→ **Given information**
-----

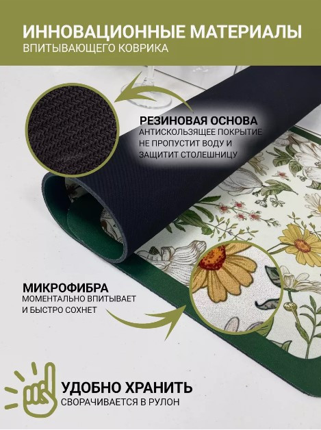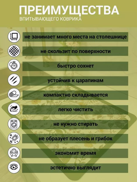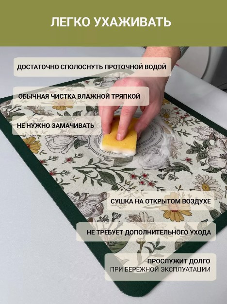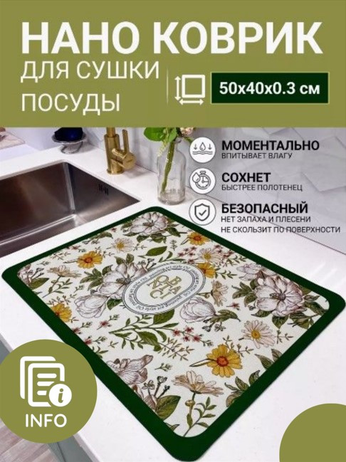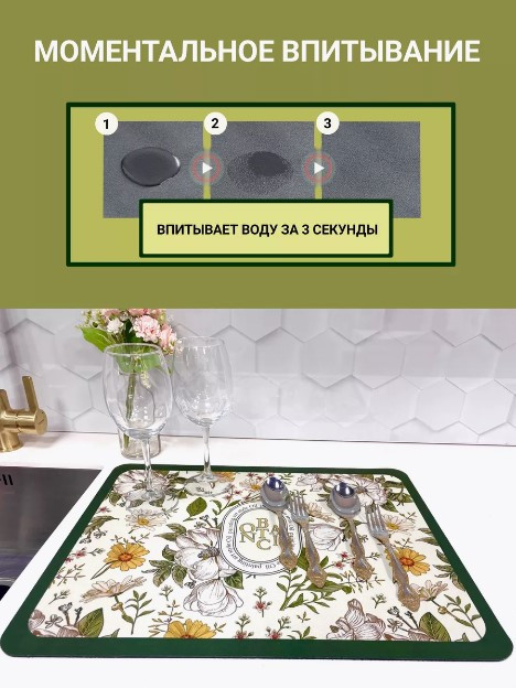 Коврик для сушки посудыВ данный момент этот товар отсутствует в продаже. Возможно, у нас найдется аналогичный или похожий товар здесь. Универсальный влагопоглощающий и быстросохнущий нескользящий диатомитовый нано-коврик станет Вам незаменимым помощником. С ним Вы легко наведете порядок в доме: на кухне, в ванной, прихожей, детской и при кормлении животных. Он подходит для сушки как столовых приборов и различной кухонной утвари после мойки, так же овощей и фруктов или разморозки еды. |
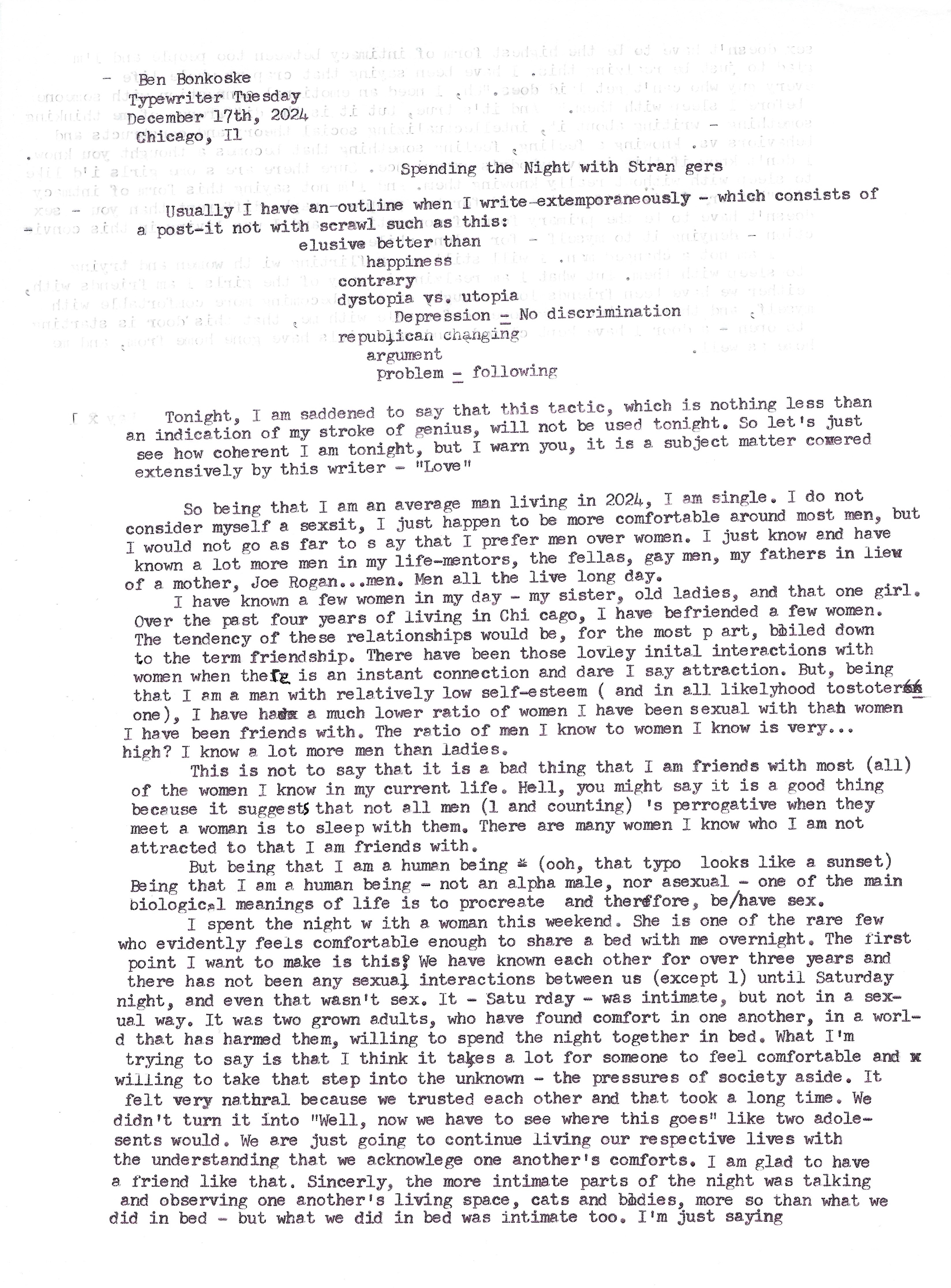 Ben Bonkoske is the author of two novels, Spoon in the Road, and Carolina, Colorado, California. He is also the author of two collections of short stories, Ten Zen by Ben, and Eleven Stories for 11:11. He wrote his own major at the University of North Carolina, Asheville focusing on Racial Tension in America. He attended Northeastern, Illinois University where he earned a Masters of Arts in Secondary Education. He lives in Chicago, where he likes to take walks.
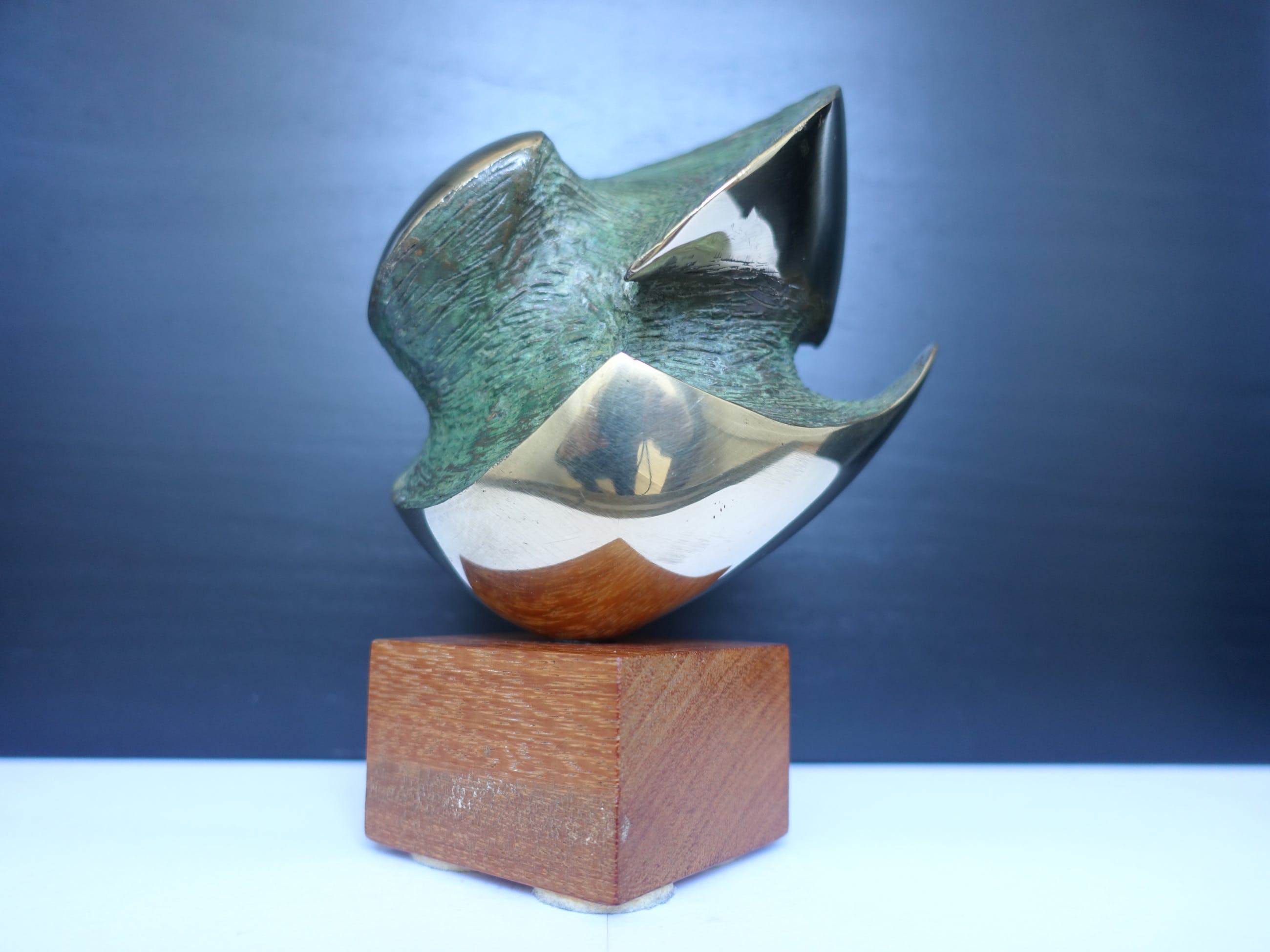 Top beeldje op houten sokkel , helaas is de maker niet bekend.

-----

→ **Exercise**
Reproduce the full material exactly, excluding the pictures.

→ **Solution**
 Коврик для сушки посудыВ данный момент этот товар отсутствует в продаже. Возможно, у нас найдется аналогичный или похожий товар здесь. Универсальный влагопоглощающий и быстросохнущий нескользящий диатомитовый нано-коврик станет Вам незаменимым помощником. С ним Вы легко наведете порядок в доме: на кухне, в ванной, прихожей, детской и при кормлении животных. Он подходит для сушки как столовых приборов и различной кухонной утвари после мойки, так же овощей и фруктов или разморозки еды. |
 Ben Bonkoske is the author of two novels, Spoon in the Road, and Carolina, Colorado, California. He is also the author of two collections of short stories, Ten Zen by Ben, and Eleven Stories for 11:11. He wrote his own major at the University of North Carolina, Asheville focusing on Racial Tension in America. He attended Northeastern, Illinois University where he earned a Masters of Arts in Secondary Education. He lives in Chicago, where he likes to take walks.
 Top beeldje op houten sokkel , helaas is de maker niet bekend.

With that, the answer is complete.